I did, plopping down on the edge and watching him as he unbuttoned his shirt. When he was almost done, he jerked it out from where it had been stuffed into his pants, finished with the buttons, and shrugged it off. Right in front of me.

I sat there. My mouth went a little dry at the way his undershirt clung to the thick muscles of his upper body. “Are you showering?” I asked without even meaning to.

“Too tired,” he replied softly, folding the shirt and setting it into a hamper I hadn’t spotted in the corner of his room. I wanted to look around . . . but he was stripping.

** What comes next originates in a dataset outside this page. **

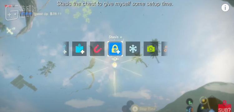 用时间停止停住宝箱后,他往宝箱正下方丢下了一个圆形炸弹(还朝炸弹射了三箭来固定炸弹的位置)同时释放停住的宝箱,读取一次记忆来重置时停的CD,让宝箱再次稳稳停在圆形炸弹的正上方。
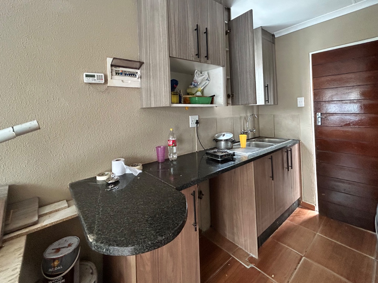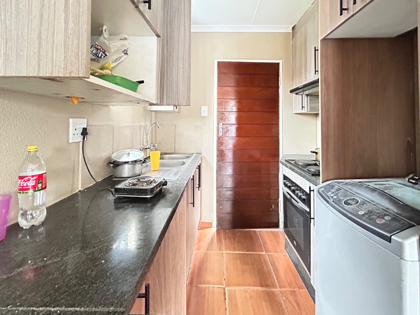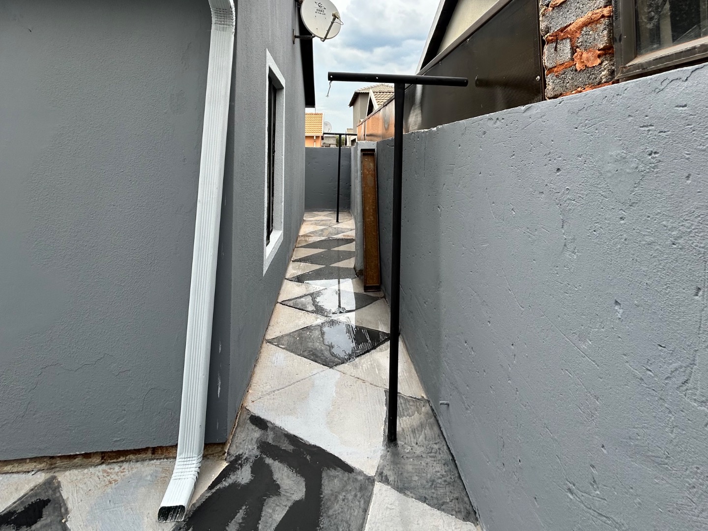 Situated on a 150 sqm erf, the property provides two dedicated parking spaces. The unique paved outdoor area is ideal for relaxation, complemented by a small garden patch. Security is a priority, with burglar bars on windows, a fully fenced perimeter, and an access gate. Solar lights on the roof offer a touch of energy efficiency.

Rhodes went for his pants then, undoing the tab, then the zipper, and pulling it down . . .

That’s when I glanced up to meet his eyes. He was looking right at me. Busted. I smiled just as he started tugging his pants down his long legs.

“Did you find the hunters?” I asked, hoping my throat sounded husky from sleep and not for another reason.

I was weak and I flicked my gaze down.

He was a boxers guy.

Part of me had expected him to be a tighty-whities type of man, but he wasn’t.

His boxers were dark and short. His thighs were everything I had expected them to be. Someone didn’t skip leg day and hadn’t. Ever.

I swallowed to make sure my mouth was shut.

“Yes. They wandered too far from their campsite, but we found them,” he answered.

He bent down and pulled off his socks, and I swore there was something about his bare feet just visible that seemed more intimate than if he’d been standing there buck naked.

Drawing my legs up, I snuck them under the sheet and the heavy comforter, drawing it up as he pulled his other sock off, still watching me. I was doing this. Sleeping in his bed. Still not sure what any of this meant or where it was going but . . . going along with it.

He had been so nice to me lately for a reason, I understood now. Maybe he’d been distant because of his mom, maybe he’d finally just decided I was decent. I had no clue what drove him to this point now, of leading me to his room.

Yet it didn’t matter.

My mom used to say that most of the time, when you’re on a trail, you get to a point where another one branches off from it, and you have to choose which way you want to go. What you want to see. And I knew right then that I had to make another decision.

For a tiny, brief moment, I wondered if this was fast. I’d been with someone for fourteen years, and it had been almost a year and a half since we’d split up. Should I give myself more time?

But just as quickly as I questioned myself, I came to my decision.

When you lose enough, you learn to take happiness where you can find it. You don’t wait for it to be handed to you. You don’t expect it in big firework-like displays.

You take it in small moments, and sometimes those come shaped in a two-hundred-and-fortyish-pound man going above and beyond. I wanted to understand what was happening. I needed to.